**WHAT YOU NEED TO DO**
All the data should come back exactly as it was given.

**EXERCISE MATERIAL**

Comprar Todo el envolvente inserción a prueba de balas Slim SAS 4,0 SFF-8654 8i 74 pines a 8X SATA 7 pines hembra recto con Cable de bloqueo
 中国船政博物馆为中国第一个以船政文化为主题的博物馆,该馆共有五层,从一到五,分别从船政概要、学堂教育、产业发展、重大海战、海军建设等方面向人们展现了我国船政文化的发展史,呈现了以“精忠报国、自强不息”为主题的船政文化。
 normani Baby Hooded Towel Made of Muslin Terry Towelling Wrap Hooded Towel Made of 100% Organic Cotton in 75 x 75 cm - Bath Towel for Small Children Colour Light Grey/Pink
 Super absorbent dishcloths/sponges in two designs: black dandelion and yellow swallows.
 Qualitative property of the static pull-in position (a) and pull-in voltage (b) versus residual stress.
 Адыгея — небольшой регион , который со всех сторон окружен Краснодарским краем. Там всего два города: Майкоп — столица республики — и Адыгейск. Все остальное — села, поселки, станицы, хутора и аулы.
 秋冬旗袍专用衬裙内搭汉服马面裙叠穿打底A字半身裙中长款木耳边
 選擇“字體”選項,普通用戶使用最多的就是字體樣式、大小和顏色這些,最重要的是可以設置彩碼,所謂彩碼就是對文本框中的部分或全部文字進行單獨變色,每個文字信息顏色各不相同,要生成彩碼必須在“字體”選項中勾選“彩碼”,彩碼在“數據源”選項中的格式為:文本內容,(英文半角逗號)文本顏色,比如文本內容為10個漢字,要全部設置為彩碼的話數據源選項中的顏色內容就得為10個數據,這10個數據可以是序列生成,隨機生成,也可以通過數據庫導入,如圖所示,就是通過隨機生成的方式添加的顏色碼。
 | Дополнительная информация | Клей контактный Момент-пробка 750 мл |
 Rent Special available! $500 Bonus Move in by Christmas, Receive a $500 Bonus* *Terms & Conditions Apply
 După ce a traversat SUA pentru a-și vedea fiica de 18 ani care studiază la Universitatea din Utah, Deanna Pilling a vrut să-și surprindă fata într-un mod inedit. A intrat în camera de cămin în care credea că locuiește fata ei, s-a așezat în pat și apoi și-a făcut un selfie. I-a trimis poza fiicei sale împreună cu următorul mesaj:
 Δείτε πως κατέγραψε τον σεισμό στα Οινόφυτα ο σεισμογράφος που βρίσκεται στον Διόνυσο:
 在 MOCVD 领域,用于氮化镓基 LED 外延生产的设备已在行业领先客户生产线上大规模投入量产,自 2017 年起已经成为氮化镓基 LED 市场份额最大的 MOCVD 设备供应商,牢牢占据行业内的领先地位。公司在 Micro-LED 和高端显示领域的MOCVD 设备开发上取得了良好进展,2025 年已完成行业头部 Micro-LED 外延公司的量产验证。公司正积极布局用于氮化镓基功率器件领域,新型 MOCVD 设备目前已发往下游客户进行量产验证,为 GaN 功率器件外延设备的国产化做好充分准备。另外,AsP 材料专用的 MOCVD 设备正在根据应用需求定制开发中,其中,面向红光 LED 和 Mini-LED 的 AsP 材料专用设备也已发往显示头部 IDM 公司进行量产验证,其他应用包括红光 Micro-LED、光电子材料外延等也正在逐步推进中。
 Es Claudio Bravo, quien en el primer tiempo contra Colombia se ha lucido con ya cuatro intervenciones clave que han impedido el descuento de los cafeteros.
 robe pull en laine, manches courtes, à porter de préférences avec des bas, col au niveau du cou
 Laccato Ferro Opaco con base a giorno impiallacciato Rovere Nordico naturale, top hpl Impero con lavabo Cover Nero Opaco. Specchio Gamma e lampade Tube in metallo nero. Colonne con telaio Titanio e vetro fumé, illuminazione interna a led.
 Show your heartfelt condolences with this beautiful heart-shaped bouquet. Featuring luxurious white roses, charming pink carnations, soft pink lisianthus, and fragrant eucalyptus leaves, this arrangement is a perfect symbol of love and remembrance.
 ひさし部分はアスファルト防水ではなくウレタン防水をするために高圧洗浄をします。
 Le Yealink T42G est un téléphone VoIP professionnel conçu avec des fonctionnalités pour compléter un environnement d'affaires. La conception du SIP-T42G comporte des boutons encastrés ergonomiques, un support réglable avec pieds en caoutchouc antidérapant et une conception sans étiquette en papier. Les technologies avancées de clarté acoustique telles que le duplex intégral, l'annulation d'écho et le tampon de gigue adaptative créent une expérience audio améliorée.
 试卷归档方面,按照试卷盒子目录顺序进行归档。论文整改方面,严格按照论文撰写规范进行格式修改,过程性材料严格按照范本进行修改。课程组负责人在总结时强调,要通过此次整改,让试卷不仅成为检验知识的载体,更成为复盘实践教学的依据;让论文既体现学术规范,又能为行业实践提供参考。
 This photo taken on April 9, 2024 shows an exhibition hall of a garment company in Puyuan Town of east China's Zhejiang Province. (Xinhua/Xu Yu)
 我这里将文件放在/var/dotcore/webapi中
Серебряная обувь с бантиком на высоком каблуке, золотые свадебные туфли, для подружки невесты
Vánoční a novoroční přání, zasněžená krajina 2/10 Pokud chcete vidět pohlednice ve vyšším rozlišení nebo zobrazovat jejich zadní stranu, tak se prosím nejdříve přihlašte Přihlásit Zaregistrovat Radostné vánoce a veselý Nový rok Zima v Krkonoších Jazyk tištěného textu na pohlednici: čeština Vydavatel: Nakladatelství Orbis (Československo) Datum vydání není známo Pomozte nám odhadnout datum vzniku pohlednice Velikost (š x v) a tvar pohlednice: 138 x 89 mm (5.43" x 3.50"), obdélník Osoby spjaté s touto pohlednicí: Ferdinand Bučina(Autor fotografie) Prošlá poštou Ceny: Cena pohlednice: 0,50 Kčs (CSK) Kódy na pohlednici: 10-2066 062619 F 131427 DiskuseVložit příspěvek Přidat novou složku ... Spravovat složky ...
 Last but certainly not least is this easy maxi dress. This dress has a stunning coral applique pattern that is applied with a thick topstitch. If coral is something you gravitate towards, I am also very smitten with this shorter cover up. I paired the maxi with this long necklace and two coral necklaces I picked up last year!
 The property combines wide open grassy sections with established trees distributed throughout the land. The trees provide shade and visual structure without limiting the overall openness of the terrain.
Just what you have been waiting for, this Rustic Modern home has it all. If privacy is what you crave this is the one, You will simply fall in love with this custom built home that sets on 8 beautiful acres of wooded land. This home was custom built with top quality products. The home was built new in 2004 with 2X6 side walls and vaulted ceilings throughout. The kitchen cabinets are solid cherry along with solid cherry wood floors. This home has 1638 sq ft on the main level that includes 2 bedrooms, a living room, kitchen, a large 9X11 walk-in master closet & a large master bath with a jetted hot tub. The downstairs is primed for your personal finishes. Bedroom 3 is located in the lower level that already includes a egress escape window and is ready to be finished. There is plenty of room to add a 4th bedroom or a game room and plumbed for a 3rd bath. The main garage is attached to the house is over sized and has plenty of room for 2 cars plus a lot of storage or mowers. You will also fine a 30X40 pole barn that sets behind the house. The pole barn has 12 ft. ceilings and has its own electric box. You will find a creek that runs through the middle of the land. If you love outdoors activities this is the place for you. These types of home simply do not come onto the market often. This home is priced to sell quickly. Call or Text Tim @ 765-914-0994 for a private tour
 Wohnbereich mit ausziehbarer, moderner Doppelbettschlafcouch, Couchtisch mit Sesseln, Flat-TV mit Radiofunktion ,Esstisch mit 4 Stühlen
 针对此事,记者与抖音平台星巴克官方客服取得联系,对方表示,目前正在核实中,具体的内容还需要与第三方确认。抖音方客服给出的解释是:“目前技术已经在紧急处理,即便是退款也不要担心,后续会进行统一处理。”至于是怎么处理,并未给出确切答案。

**RESULT**
Comprar Todo el envolvente inserción a prueba de balas Slim SAS 4,0 SFF-8654 8i 74 pines a 8X SATA 7 pines hembra recto con Cable de bloqueo
 中国船政博物馆为中国第一个以船政文化为主题的博物馆,该馆共有五层,从一到五,分别从船政概要、学堂教育、产业发展、重大海战、海军建设等方面向人们展现了我国船政文化的发展史,呈现了以“精忠报国、自强不息”为主题的船政文化。
 normani Baby Hooded Towel Made of Muslin Terry Towelling Wrap Hooded Towel Made of 100% Organic Cotton in 75 x 75 cm - Bath Towel for Small Children Colour Light Grey/Pink
 Super absorbent dishcloths/sponges in two designs: black dandelion and yellow swallows.
 Qualitative property of the static pull-in position (a) and pull-in voltage (b) versus residual stress.
 Адыгея — небольшой регион , который со всех сторон окружен Краснодарским краем. Там всего два города: Майкоп — столица республики — и Адыгейск. Все остальное — села, поселки, станицы, хутора и аулы.
 秋冬旗袍专用衬裙内搭汉服马面裙叠穿打底A字半身裙中长款木耳边
 選擇“字體”選項,普通用戶使用最多的就是字體樣式、大小和顏色這些,最重要的是可以設置彩碼,所謂彩碼就是對文本框中的部分或全部文字進行單獨變色,每個文字信息顏色各不相同,要生成彩碼必須在“字體”選項中勾選“彩碼”,彩碼在“數據源”選項中的格式為:文本內容,(英文半角逗號)文本顏色,比如文本內容為10個漢字,要全部設置為彩碼的話數據源選項中的顏色內容就得為10個數據,這10個數據可以是序列生成,隨機生成,也可以通過數據庫導入,如圖所示,就是通過隨機生成的方式添加的顏色碼。
 | Дополнительная информация | Клей контактный Момент-пробка 750 мл |
 Rent Special available! $500 Bonus Move in by Christmas, Receive a $500 Bonus* *Terms & Conditions Apply
 După ce a traversat SUA pentru a-și vedea fiica de 18 ani care studiază la Universitatea din Utah, Deanna Pilling a vrut să-și surprindă fata într-un mod inedit. A intrat în camera de cămin în care credea că locuiește fata ei, s-a așezat în pat și apoi și-a făcut un selfie. I-a trimis poza fiicei sale împreună cu următorul mesaj:
 Δείτε πως κατέγραψε τον σεισμό στα Οινόφυτα ο σεισμογράφος που βρίσκεται στον Διόνυσο:
 在 MOCVD 领域,用于氮化镓基 LED 外延生产的设备已在行业领先客户生产线上大规模投入量产,自 2017 年起已经成为氮化镓基 LED 市场份额最大的 MOCVD 设备供应商,牢牢占据行业内的领先地位。公司在 Micro-LED 和高端显示领域的MOCVD 设备开发上取得了良好进展,2025 年已完成行业头部 Micro-LED 外延公司的量产验证。公司正积极布局用于氮化镓基功率器件领域,新型 MOCVD 设备目前已发往下游客户进行量产验证,为 GaN 功率器件外延设备的国产化做好充分准备。另外,AsP 材料专用的 MOCVD 设备正在根据应用需求定制开发中,其中,面向红光 LED 和 Mini-LED 的 AsP 材料专用设备也已发往显示头部 IDM 公司进行量产验证,其他应用包括红光 Micro-LED、光电子材料外延等也正在逐步推进中。
 Es Claudio Bravo, quien en el primer tiempo contra Colombia se ha lucido con ya cuatro intervenciones clave que han impedido el descuento de los cafeteros.
 robe pull en laine, manches courtes, à porter de préférences avec des bas, col au niveau du cou
 Laccato Ferro Opaco con base a giorno impiallacciato Rovere Nordico naturale, top hpl Impero con lavabo Cover Nero Opaco. Specchio Gamma e lampade Tube in metallo nero. Colonne con telaio Titanio e vetro fumé, illuminazione interna a led.
 Show your heartfelt condolences with this beautiful heart-shaped bouquet. Featuring luxurious white roses, charming pink carnations, soft pink lisianthus, and fragrant eucalyptus leaves, this arrangement is a perfect symbol of love and remembrance.
 ひさし部分はアスファルト防水ではなくウレタン防水をするために高圧洗浄をします。
 Le Yealink T42G est un téléphone VoIP professionnel conçu avec des fonctionnalités pour compléter un environnement d'affaires. La conception du SIP-T42G comporte des boutons encastrés ergonomiques, un support réglable avec pieds en caoutchouc antidérapant et une conception sans étiquette en papier. Les technologies avancées de clarté acoustique telles que le duplex intégral, l'annulation d'écho et le tampon de gigue adaptative créent une expérience audio améliorée.
 试卷归档方面,按照试卷盒子目录顺序进行归档。论文整改方面,严格按照论文撰写规范进行格式修改,过程性材料严格按照范本进行修改。课程组负责人在总结时强调,要通过此次整改,让试卷不仅成为检验知识的载体,更成为复盘实践教学的依据;让论文既体现学术规范,又能为行业实践提供参考。
 This photo taken on April 9, 2024 shows an exhibition hall of a garment company in Puyuan Town of east China's Zhejiang Province. (Xinhua/Xu Yu)
 我这里将文件放在/var/dotcore/webapi中
Серебряная обувь с бантиком на высоком каблуке, золотые свадебные туфли, для подружки невесты
Vánoční a novoroční přání, zasněžená krajina 2/10 Pokud chcete vidět pohlednice ve vyšším rozlišení nebo zobrazovat jejich zadní stranu, tak se prosím nejdříve přihlašte Přihlásit Zaregistrovat Radostné vánoce a veselý Nový rok Zima v Krkonoších Jazyk tištěného textu na pohlednici: čeština Vydavatel: Nakladatelství Orbis (Československo) Datum vydání není známo Pomozte nám odhadnout datum vzniku pohlednice Velikost (š x v) a tvar pohlednice: 138 x 89 mm (5.43" x 3.50"), obdélník Osoby spjaté s touto pohlednicí: Ferdinand Bučina(Autor fotografie) Prošlá poštou Ceny: Cena pohlednice: 0,50 Kčs (CSK) Kódy na pohlednici: 10-2066 062619 F 131427 DiskuseVložit příspěvek Přidat novou složku ... Spravovat složky ...
 Last but certainly not least is this easy maxi dress. This dress has a stunning coral applique pattern that is applied with a thick topstitch. If coral is something you gravitate towards, I am also very smitten with this shorter cover up. I paired the maxi with this long necklace and two coral necklaces I picked up last year!
 The property combines wide open grassy sections with established trees distributed throughout the land. The trees provide shade and visual structure without limiting the overall openness of the terrain.
Just what you have been waiting for, this Rustic Modern home has it all. If privacy is what you crave this is the one, You will simply fall in love with this custom built home that sets on 8 beautiful acres of wooded land. This home was custom built with top quality products. The home was built new in 2004 with 2X6 side walls and vaulted ceilings throughout. The kitchen cabinets are solid cherry along with solid cherry wood floors. This home has 1638 sq ft on the main level that includes 2 bedrooms, a living room, kitchen, a large 9X11 walk-in master closet & a large master bath with a jetted hot tub. The downstairs is primed for your personal finishes. Bedroom 3 is located in the lower level that already includes a egress escape window and is ready to be finished. There is plenty of room to add a 4th bedroom or a game room and plumbed for a 3rd bath. The main garage is attached to the house is over sized and has plenty of room for 2 cars plus a lot of storage or mowers. You will also fine a 30X40 pole barn that sets behind the house. The pole barn has 12 ft. ceilings and has its own electric box. You will find a creek that runs through the middle of the land. If you love outdoors activities this is the place for you. These types of home simply do not come onto the market often. This home is priced to sell quickly. Call or Text Tim @ 765-914-0994 for a private tour
 Wohnbereich mit ausziehbarer, moderner Doppelbettschlafcouch, Couchtisch mit Sesseln, Flat-TV mit Radiofunktion ,Esstisch mit 4 Stühlen
 针对此事,记者与抖音平台星巴克官方客服取得联系,对方表示,目前正在核实中,具体的内容还需要与第三方确认。抖音方客服给出的解释是:“目前技术已经在紧急处理,即便是退款也不要担心,后续会进行统一处理。”至于是怎么处理,并未给出确切答案。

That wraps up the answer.